Dili – East Timor Prime Minister Mari Alkatiri said Wednesday that his country's police force had acted in self defence when they shot dead three former pro-Jakarta militiamen near the border.
He also criticised Indonesia for failing to prevent militiamen from infiltrating East Timor.
The incident Friday sparked a diplomatic row between Indonesia and its former province of East Timor, with Jakarta accusing East Timorese police of excessive use of force.
"Our policemen were ambushed by these three individuals that entered our country without documents, visas or passports," Alkatiri told a press conference.
One of two teenagers who managed to escaped the shooting said they and their three colleagues had intended to fish in a river near the border but had unwittingly crossed into East Timorese territory.

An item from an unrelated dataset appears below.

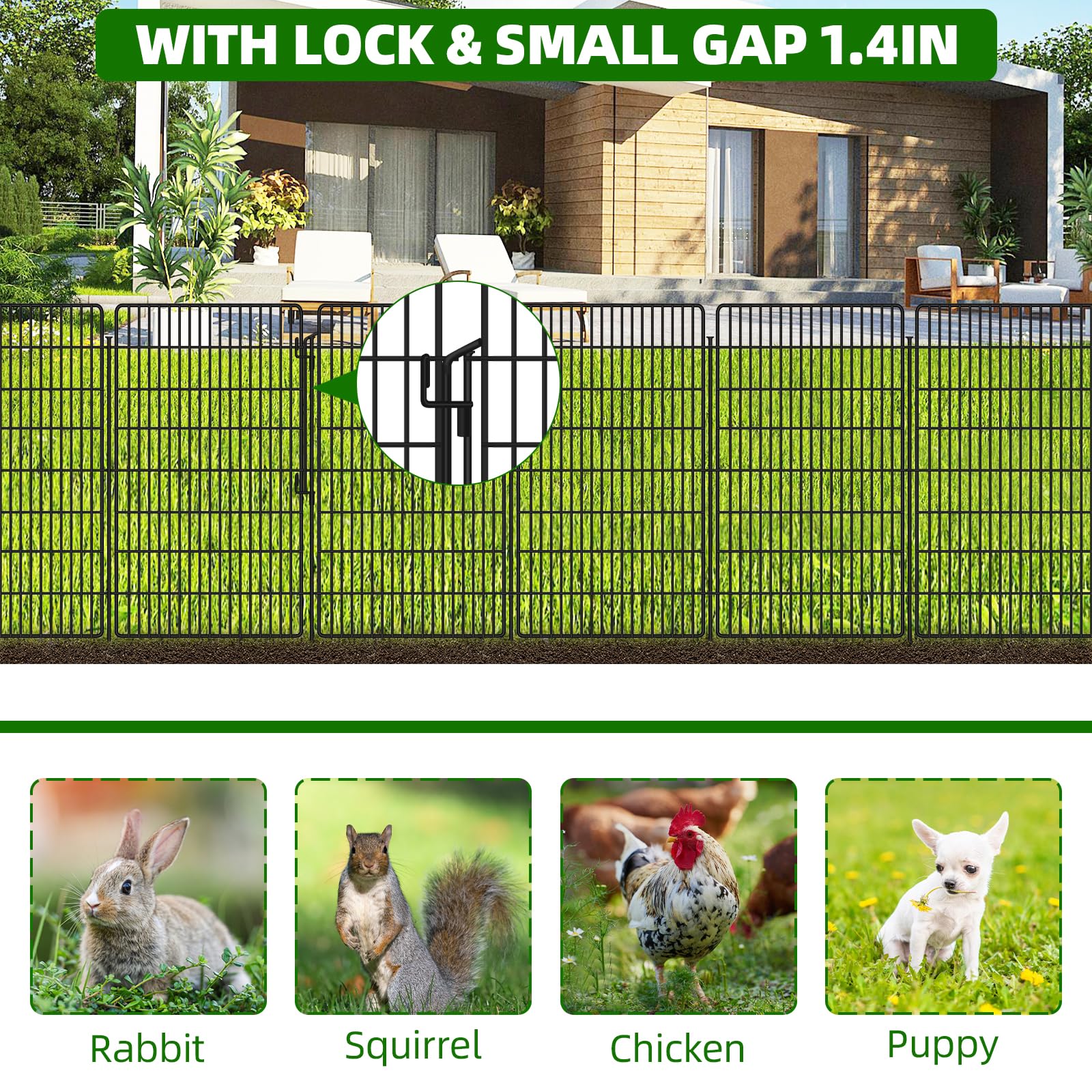 Dog Fence for Yard --- Each panel of the dog fence measures 48" H x 29" W, can be connected and expanded into different shapes based on your specific needs. Comes with a lock and the flexibility to choose whether or not you want to install a gate. Upgraded to 48-inch heightening design to prevent large dogs from entering the garden.

The three former members of the Red and White Iron militia took Indonesian citizenship after East Timor voted for independence from Jakarta in 1999.
Alkatiri said Indonesia has failed to prevent militiamen from infiltrating East Timor.
"Indonesia knows that it has people like this in its country. It is Indonesia's responsibility first of all to control those people, and to not allow them to cross the border and come here to provoke us," he said.
Around 1,500 mostly East Timorese who moved to Indonesia's West Timor after the 1999 referendum took to the streets of Atambua near the border on Monday to condemn the shootings.
Indonesian Foreign Minister Hassan Wirayuda described the incident as "an excessive use of violence" and urged East Timor to prosecute the policemen who carried out the shooting.
Pro-Jakarta militias, which the United Nations says were directed by the Indonesian military, staged a deadly campaign of violence against independence supporters in East Timor before and after the referendum
An estimated 1,400 people were killed by the militias and whole towns were destroyed.